WORK REQUEST:
Retype every line from the start of the data down to and including the line with "Medvídek Pú –". Skip the pictures.
━━━━━ RECORDS ━━━━━
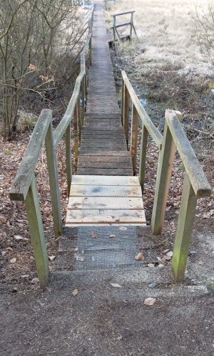Trittlöcher wurden mit neuen Bohlen und der gesamte Weg mit neuem Kükendraht versehen.
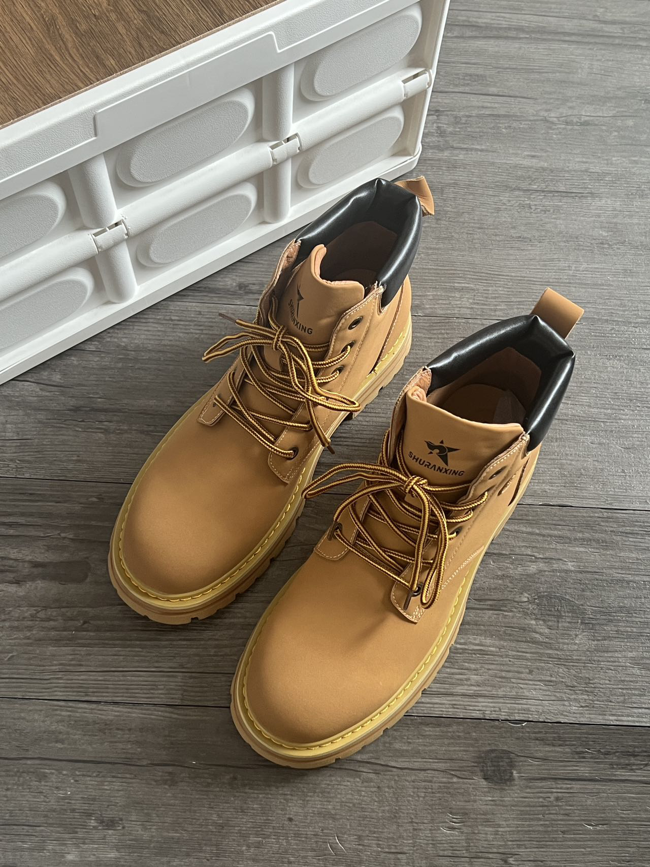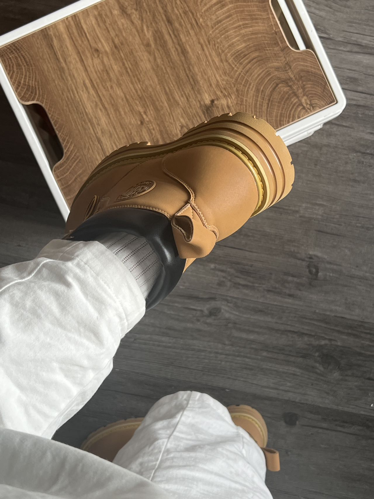 好家伙🌟谁能拒绝一双大黄靴啊❓ 上脚效果还挺满意的…很显高! 质量和版型都很nice🉑️ 搭配美式穿搭很好看啊! 秋冬天真的很需要这样一双百搭的鞋子✨ 保暖效果也很不错,不用怕冻jio了! 鞋子尺码很正,穿厚袜子可以拍大一码哦~
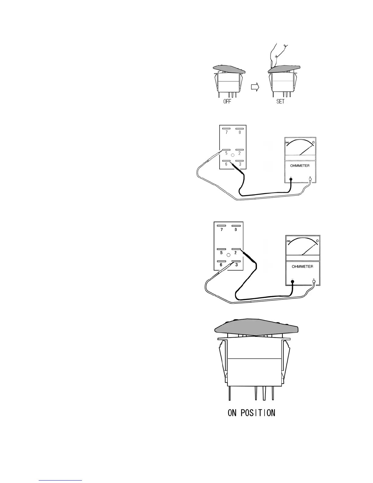 the “ON” position. Observe the ohmmeter.
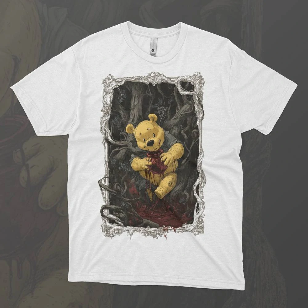 Medvídek Pú – Krvavé Pohrdání je tričko, které zobrazuje temnou a zvrácenou verzi klasického pohádkového světa. Medvídek Pú, původně nevinný a přátelský medvídek, se zde proměňuje v záhadného a nebezpečného tvora, jehož pohled skrývá zlost a pohrdání. Krvavé stopy a temné pozadí podtrhují drsný kontrast mezi původní roztomilostí a nebezpečnou hrozbou, která je nyní součástí jeho světa.
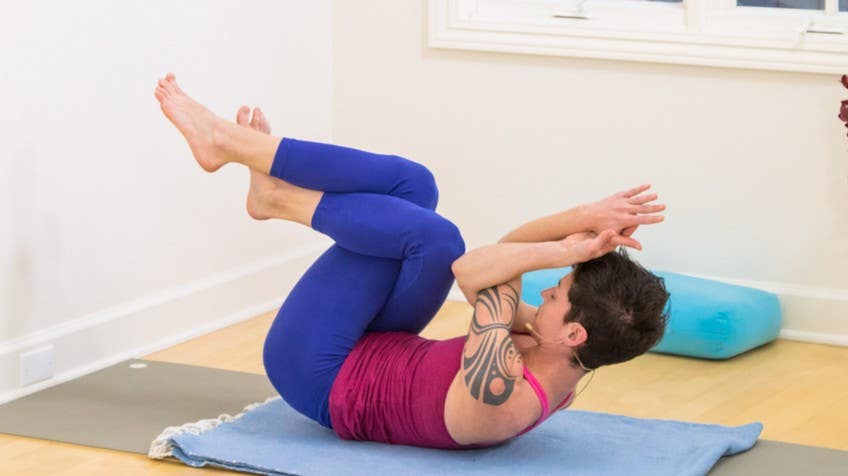 So whatever leg is on top, bring that arm underneath. And we'll start by inhaling. And then exhaling. You can let your legs come down, uncross your ankles. And then again, whatever leg is on top, allow your legs to fall that direction. And bring your breath awareness into the space between your ribs and your hip. And inhale deeply. And then you can come back to the center. Okay, so I had to move my blanket back and my body back a little bit from the wall. You might need to as well. The next movement that we're going to do has a similarity to canoe, to the pose that we started with. So you can start with your knees bent and your feet down. On an exhale breath, bring your chin towards your throat. And here you want to lift your shoulder blades all the way off of the floor. From here, take both of your feet up towards the ceiling and bring your arms forwards. On an exhale breath, drop your legs so that your feet are in line with your forehead. Take an inhale. And then with your exhale, roll your pelvis to one side and try and keep your chest facing straight up towards the ceiling. Inhale, come back to the center. And exhale to the other side. Now back to the center. So we'll do five each way. Inhale. So as you're moving, you want to keep your chest straight up. Or as straight as you can. Shoulders off the ground. And that's a twist. You're thinking about taking one half of your pelvis over the other. And when you're done with five, go ahead and bring your knees back to your chest and let your head rest down. So between all of these movements, just give yourself a couple of breaths or whatever you need if you want to do a little bit of a bridge or another type of stretch between them. Right? So the next movement that we'll do requires some awareness through your midsection in order to not go into a back bend. We'll bring our legs up at 90 degrees. And pretty much as soon as you bring your legs up, you might feel that your pelvis wants to tilt almost like you're wagging your tail back. And where you want to be here is not in a big tilt, but it's also not in a strong tuck. So you'd like to find a place that's kind of called the neutral spine or what's in the middle of either extreme range of movement. And what you might do is just experiment with some pelvic tilts on your own and notice when you take your tail back, the back bend shape that you get in your lower back, or when you tuck your tail towards your heels that your back flattens against the floor. And find some place that feels fairly easeful in the middle. Now that ease isn't going to unfortunately probably won't be something that you feel when your legs are lifted up. But you'll think about the three dimensions of your torso wrapping in towards the center of your body. And when you lift your legs up, you'll keep that three dimensional wrapping and then also think about lengthening through the center of your body. So I find that for myself, if I keep my head and upper body engaged in this, it's easier than just firming around my torso. Then bring your arms up and let the weight of your arms rest back towards your shoulders. Option one from here is to just take one leg down at a time and tap your toes to the floor. Now notice that here I'm moving from my hips and the bend in my knees is pretty much staying the same. Option two is both legs at once. So let's do maybe another five and if you're doing one leg at a time, go ahead. And then if you're doing both legs, go ahead. And I'm going to do a couple with both legs. So again, I'm still reaching through my head, feeling all sides of my torso hug around and support me. All right. So then we'll pause with the legs just at 90 degrees. And from here, you'll just use your arms. Now one thing is you want to keep your arm bones resting back, so upper arm bones resting in the shoulder joint. Try not to lift your shoulders too far back away from the floor, but think about the weight of your arms resting back and then from here, bring your arms back and tap the ground. And we'll do five here. So it's up to you if you want to repeat doing one set, either your legs and your arms one at a time, or if you want to give both a try at once. And we'll do five. And when you're finished with five, go ahead and bring your knees in towards your chest and the soles of your feet together. So your knees come out. Take your hands and wrap them around your ankles or your shins. If it's possible, you can bring them around the little toe sides of your feet. And then let the weight of your thighs rest down towards the floor. Let your knees relax out. Take a couple of deep breaths all the way down into the lowest part of your belly. So again, for me, it's important that after doing strengthening work, there's also some more relaxing work that's done. And especially when we're working in the abdominals, this isn't a place in your body where you want to live with a lot of hardness or tension all the time. So ideally you do strengthening so that it's supporting to you in your activities. But then you can also relax this part of your body too, especially if you're eating or laughing, enjoying your life. All right. So from here, bring one ankle to cross over the other. And now take your arms outside of your knees and reach around and grab ahold of the little toe sides of your feet. So you'll hug the soles of your feet towards the backs of your thighs. And for me, this provides just a nice release for my lower back and belly. And again, I'm letting my belly relax as much as I can while I inhale. And then switch which ankle is on top. All right. So from here, we'll, um, roll onto our bellies and do some strengthening for the lower back. And you'll come into sphinx pose. So in sphinx pose, I want my elbows below my shoulders and arms bent at about 90 degrees. Now, if this is causing pain or tension for you in your low back, you can bring your elbows further forwards and that's fine. One thing to think about either way, and e
━━━━━
WRITTEN ANSWER:
Trittlöcher wurden mit neuen Bohlen und der gesamte Weg mit neuem Kükendraht versehen.
 好家伙🌟谁能拒绝一双大黄靴啊❓ 上脚效果还挺满意的…很显高! 质量和版型都很nice🉑️ 搭配美式穿搭很好看啊! 秋冬天真的很需要这样一双百搭的鞋子✨ 保暖效果也很不错,不用怕冻jio了! 鞋子尺码很正,穿厚袜子可以拍大一码哦~
 the “ON” position. Observe the ohmmeter.
 Medvídek Pú – Krvavé Pohrdání je tričko, které zobrazuje temnou a zvrácenou verzi klasického pohádkového světa. Medvídek Pú, původně nevinný a přátelský medvídek, se zde proměňuje v záhadného a nebezpečného tvora, jehož pohled skrývá zlost a pohrdání. Krvavé stopy a temné pozadí podtrhují drsný kontrast mezi původní roztomilostí a nebezpečnou hrozbou, která je nyní součástí jeho světa.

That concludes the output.